The tireless, committed Maxine Waters doesn’t have time, period. A member of Congress for over a decade, she is widely considered to be one of the most powerful women in American politics today. She has gained a reputation as an outspoken advocate for African Americans, children, the poor and, particularly, people with AIDS.

Several months ago, she introduced H.R. 933, the Affordable HIV/AIDS Medicines for Poor Countries Act, which would help make lifesaving medication available to those living with HIV/AIDS in developing countries. “Because so many people around the world are dying, it is important for those of us who make public policy to find new ways to stop the rate of infection and death,” she says.

Maxine Waters has always been a fireball. Born in St. Louis in the late 1930s, the fifth of 13 children, she began working as a bus girl in a segregated restaurant when she was just 13. After moving to Los Angeles, she worked in garment factories and at the telephone company before earning her degree at California State University at Los Angeles. She began her career in public service as a teacher and a volunteer coordinator in the Head Start Program. She took part in many political campaigns, knocking on doors and handing out leaflets, before she was elected to the California State Assembly in 1976. In 1990, she became the second Black female elected to Congress. She is now serving her sixth term, after being re-elected in 2000 with an overwhelming 87 percent of the votes in the 35th District of California.

Congresswoman Waters became a passionate warrior in the fight against AIDS in the late 1980s, after Rev. Carl Bean, the founder of the Minority AIDS Project, asked her to speak at a fundraiser. “I remember going to a gay bar on Pico called Catch One and meeting so many young men who had HIV or AIDS,” she recalls. “Those were the days when there was not much support for people with AIDS. Many had been disowned from their families and kicked out of their homes. It was then that I understood the point of what was happening and became determined to use my office to raise funds.”

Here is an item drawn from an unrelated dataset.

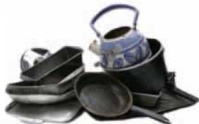
Kitchen Cookware Metal pots, pans, tins & utensils

Despite her national visibility and acclaim, the congresswoman also remains involved in the AIDS struggle at the grassroots level. As president of the Alliance of Black Women’s Organizations, for the past three years she has led an annual march through the neighborhoods of Los Angeles in June, on National HIV Testing Day. Dressed in all black, the women of the Alliance walk the streets of Los Angeles to distribute information and talk directly to people about the devastating impact of HIV/AIDS.

Sadly, she knows that devastating impact all too well. Her older sister, who resides in New York, has been living with AIDS for a number of years. “My sister is in poor health, and I worry about her so much,” says Congresswoman Waters, who is married and has two adult children and two grandchildren. “It is very painful to see her suffer, but she is a strong person and a fighter.”

Congresswoman Waters says that she is in the battle until the epidemic is over. “This is very gratifying work,” she says. “When I travel through the country talking with people who work on AIDS projects and those who are infected, they show such appreciation and gratitude for what I do. That is very inspiring and very satisfying.”